Name	Company	Catalog Number	Comments
Cytodex-3 Beads	Reagent	Amersham	17-0485-01	10 g/bottle. 1.0.5 g of dry beads are hydrated and swollen in 50 mL PBS (pH = 7.4) for at least 3 h at RT. Use a 50 mL tube and place it on the rocker.2.Let the beads settle down (~ 15 min). Discard the supernatant and wash the beads for a few minutes in fresh PBS (50 mL).3.Discard the PBS and replace with fresh PBS:25 mL -> 20 mg/mL => 60000 beads/mL or 50 mL -> 10 mg/mL => 30,000 beads/ mL4.Place the bead suspension in a siliconized glass bottle (Windshield Wiper or Sigmacote).5.Sterilize the beads by autoclaving for 15 min at 115°C.6.Store it at 4°C.
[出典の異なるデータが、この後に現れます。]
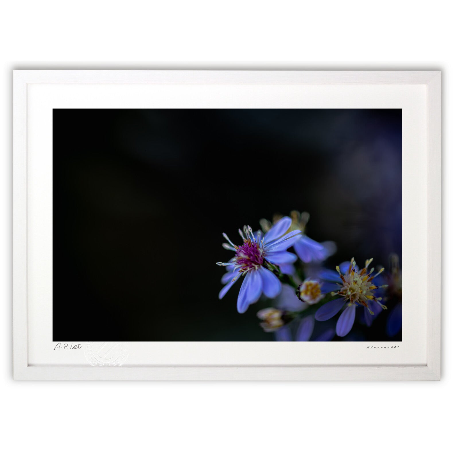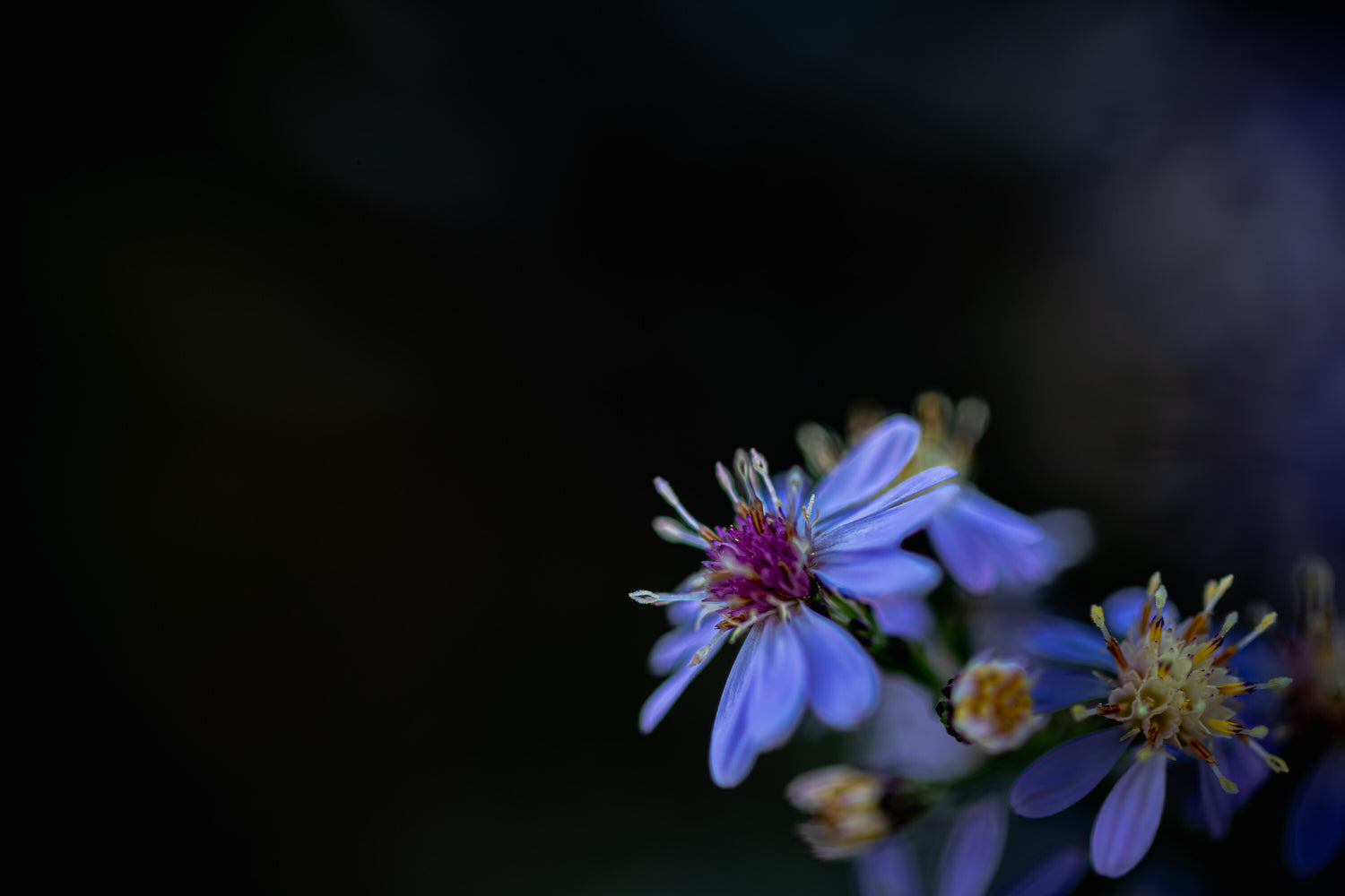 日が落ちそうな夕方、絞り込んで撮影したことで、花々が浮き立ちシックな表現になり、周辺減光の効果により副題としての闇が引き立つ一枚となりました。

Aprotinin	Reagent	Sigma-Aldrich	A-1153	10 mg/bottle. Reconstitute lyophilized aprotinin at 4 U/mL in DI water. Sterile filter. Make aliquots of 1 mL each. Store at -20 °C.
Fibrinogen Type I	Reagent	Sigma-Aldrich	F-8630	1 g. Dissolve 2 mg/mL fibrinogen in DPBSNote clottable protein % and adjust accordingly Heat in a 37 °C-water bath to dissolve the fibrinogen. Mix by inverting the tube. Do not vortex.Sterile filter through 0.22 um
Thrombin	Reagent	Sigma-Aldrich	T-3399	22 mg = 1,000 units. Reconstitute in sterile water at 50 U/mL. Make aliquots of 0.5 mL each. Store at -20 °C.